Ahead of the holiday season, Microsoft announced that it is upgrading the AI model behind Bing Image Creator, the AI-powered image editing tool built into its Bing search engine. Microsoft says this new model (the latest version of OpenAI's DALL-E 3 model, codenamed PR16) will allow users to create “higher quality” images “twice as fast as before”. I promised.
But it never arrived. Complaints quickly flooded X and Reddit.
“The DALL-E we loved is gone forever,” said one Redditor. “Now that Bing is no longer working for me, I use ChatGPT,” another wrote.
The backlash was so great that Microsoft said it would revert the previous model to Bing Image Creator until the problem could be addressed.

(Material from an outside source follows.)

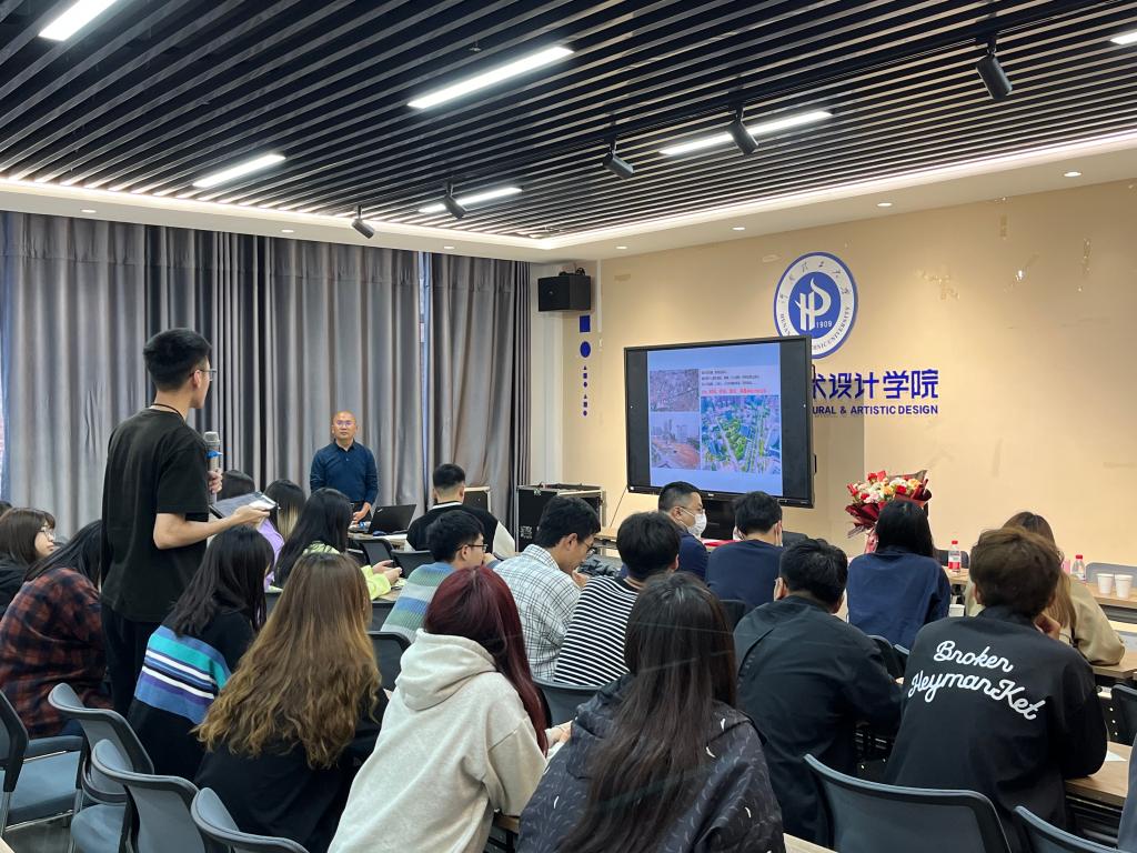 师生作了题为《时间·空间,变化的景观——东莞东城文化中心公园项目透视》的学术报告,岭南生态文旅股份有限公司华北区域运营中心总经理程新想、学院副院长韩宏斌及相关专业师生参加报告会,环境设计系主任王维天主持报告会。

Let's bring back the old Dal 3! The image quality of the older model is definitely better. For example like these images. The images produced by the new model are the worst 🙁 pic.twitter.com/BjIM8MS4ng
— Zeᡣ𐭩ྀིྀི (@riegrowl) December 28, 2024
“We are now able to [reproduce] Some issues have been reported and we plan to revert it [DALL-E 3] PR13 until we can fix it,” Jordi Ribas, head of search at Microsoft, said in a post to X on Tuesday night. “Unfortunately, the implementation process has been very slow. It started over a week ago and will take another two to three weeks to reach 100%.”
So what went wrong?
Comparing model outputs from case reports is difficult, especially when prompts are not standardized. However, many users said that the PR16 tends to reduce the realism of the image. Windows Latest contributor Mayank Parmar noted that the images produced by PR16 lacked detail and polish, making them look oddly cartoonish and “lifeless.”
I don't know who thinks this is a joke. DALL-E is objectively worse than ever since this “update” and has been surpassed by other companies such as Google. Comparing the image quality now to what it was just a few months ago, it's like night and day. pic.twitter.com/EdSdk7aign
— Outward (@roccynoxy) December 19, 2024
This is not the first time that an image model that supposedly passed internal checks has not been publicly accepted. Back in February, Google was forced to disable its AI chatbot Gemini's ability to create portraits after users complained of historical inaccuracies.
This failure shows how difficult it is to measure model improvements in the real world. According to Ribas, Microsoft's benchmarks found that the PR16's quality was “slightly better on average” compared to previous Bing Image Creator models.
It seems clear that whatever internal metrics the company uses, they don't line up with most people's preferences.